- **WHAT YOU SHOULD DO**
Needed from the entries below: every line that holds the word "with".

- **SUPPLIED MATERIAL**

+-------+

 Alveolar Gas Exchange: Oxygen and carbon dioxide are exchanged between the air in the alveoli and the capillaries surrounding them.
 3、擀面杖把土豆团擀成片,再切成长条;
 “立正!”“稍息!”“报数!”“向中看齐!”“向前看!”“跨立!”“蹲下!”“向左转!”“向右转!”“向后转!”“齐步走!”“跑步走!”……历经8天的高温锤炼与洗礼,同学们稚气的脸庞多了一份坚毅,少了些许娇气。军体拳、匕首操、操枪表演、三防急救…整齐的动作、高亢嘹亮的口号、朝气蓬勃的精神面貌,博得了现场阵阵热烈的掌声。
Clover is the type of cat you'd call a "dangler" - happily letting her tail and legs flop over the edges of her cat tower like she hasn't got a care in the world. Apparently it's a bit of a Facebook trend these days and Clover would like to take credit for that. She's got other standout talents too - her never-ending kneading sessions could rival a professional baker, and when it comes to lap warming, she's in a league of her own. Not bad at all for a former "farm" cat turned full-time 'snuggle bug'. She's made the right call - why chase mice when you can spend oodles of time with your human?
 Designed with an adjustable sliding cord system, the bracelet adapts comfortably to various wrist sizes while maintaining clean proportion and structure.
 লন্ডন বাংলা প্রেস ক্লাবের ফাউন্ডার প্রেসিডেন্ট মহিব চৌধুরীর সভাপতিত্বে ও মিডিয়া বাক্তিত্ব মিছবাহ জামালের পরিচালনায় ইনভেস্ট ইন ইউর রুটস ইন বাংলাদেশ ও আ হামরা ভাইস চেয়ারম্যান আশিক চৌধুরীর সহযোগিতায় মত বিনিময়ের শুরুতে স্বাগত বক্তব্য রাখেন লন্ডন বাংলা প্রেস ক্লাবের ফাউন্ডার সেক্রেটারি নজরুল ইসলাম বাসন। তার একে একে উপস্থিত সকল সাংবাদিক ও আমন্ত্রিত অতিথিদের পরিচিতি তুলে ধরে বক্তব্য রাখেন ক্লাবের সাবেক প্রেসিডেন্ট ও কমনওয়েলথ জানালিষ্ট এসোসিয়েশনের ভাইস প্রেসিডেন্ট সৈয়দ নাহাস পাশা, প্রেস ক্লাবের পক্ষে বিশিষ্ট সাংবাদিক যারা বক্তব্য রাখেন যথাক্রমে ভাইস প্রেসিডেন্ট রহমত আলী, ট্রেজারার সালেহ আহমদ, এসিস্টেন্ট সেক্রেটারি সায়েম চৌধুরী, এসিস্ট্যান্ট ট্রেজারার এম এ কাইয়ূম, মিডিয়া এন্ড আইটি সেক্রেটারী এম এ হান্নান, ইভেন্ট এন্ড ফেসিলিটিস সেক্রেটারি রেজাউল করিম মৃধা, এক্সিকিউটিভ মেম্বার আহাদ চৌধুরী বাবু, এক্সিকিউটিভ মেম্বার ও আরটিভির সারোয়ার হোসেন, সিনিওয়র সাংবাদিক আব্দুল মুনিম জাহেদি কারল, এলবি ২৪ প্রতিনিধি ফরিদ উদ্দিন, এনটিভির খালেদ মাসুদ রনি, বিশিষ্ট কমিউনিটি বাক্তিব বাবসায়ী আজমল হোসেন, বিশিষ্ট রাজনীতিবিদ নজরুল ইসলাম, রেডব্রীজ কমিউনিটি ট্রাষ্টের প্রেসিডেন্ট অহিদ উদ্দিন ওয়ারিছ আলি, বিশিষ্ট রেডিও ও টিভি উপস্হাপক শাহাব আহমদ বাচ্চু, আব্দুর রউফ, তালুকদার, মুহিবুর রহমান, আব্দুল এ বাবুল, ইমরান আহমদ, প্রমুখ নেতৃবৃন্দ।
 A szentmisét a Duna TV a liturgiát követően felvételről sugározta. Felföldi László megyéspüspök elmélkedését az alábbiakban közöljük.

+-------+

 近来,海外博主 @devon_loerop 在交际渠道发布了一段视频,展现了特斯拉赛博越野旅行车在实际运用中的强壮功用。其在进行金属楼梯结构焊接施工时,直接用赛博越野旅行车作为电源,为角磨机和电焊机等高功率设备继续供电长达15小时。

+-------+

- **EXERCISE RESPONSE**
Clover is the type of cat you'd call a "dangler" - happily letting her tail and legs flop over the edges of her cat tower like she hasn't got a care in the world. Apparently it's a bit of a Facebook trend these days and Clover would like to take credit for that. She's got other standout talents too - her never-ending kneading sessions could rival a professional baker, and when it comes to lap warming, she's in a league of her own. Not bad at all for a former "farm" cat turned full-time 'snuggle bug'. She's made the right call - why chase mice when you can spend oodles of time with your human?
 Designed with an adjustable sliding cord system, the bracelet adapts comfortably to various wrist sizes while maintaining clean proportion and structure.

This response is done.